Comprehensive Model for Charge Carrier Recombination in Czochralski-Grown Silicon Due to Oxygen Precipitation in Industrial Solar Cell Manufacturing

Oxygen precipitates are among the most detrimental oxygen-related silicon bulk defects formed during solar cell manufacturing. These defects are formed only during high-temperature processes, impeding an identification of prone materials during incoming inspection. Moreover, the prediction of oxygen-precipitate-related bulk charge carrier recombination currently requires advanced numerical simulation. This work presents an easily implementable model to predict the bulk carrier lifetime limit, using the temperature-time profile of a high-temperature process as well as the material properties as the input data. In addition to published analytical descriptions of oxygen precipitation, an empirical description of the retarded growth of small precipitates is included.
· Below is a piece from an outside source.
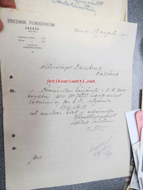 Fredrik Forsström, Ekenäs 13.8.1921 -asiakirja

Furthermore, the time-lag in nucleation is explicitly considered, which is, to our knowledge, not implemented in oxygen precipitation modeling so far. The calibration of the two free parameters of the model is achieved using the experimental data of 19 different thermal process combinations performed using a single material. This results in a good agreement not only for the material used for calibration but also for other silicon materials. A validation based on passivated emitter and rear cells as well as on test structures confirms the ability of the model to predict bulk carrier lifetimes after solar cell processing.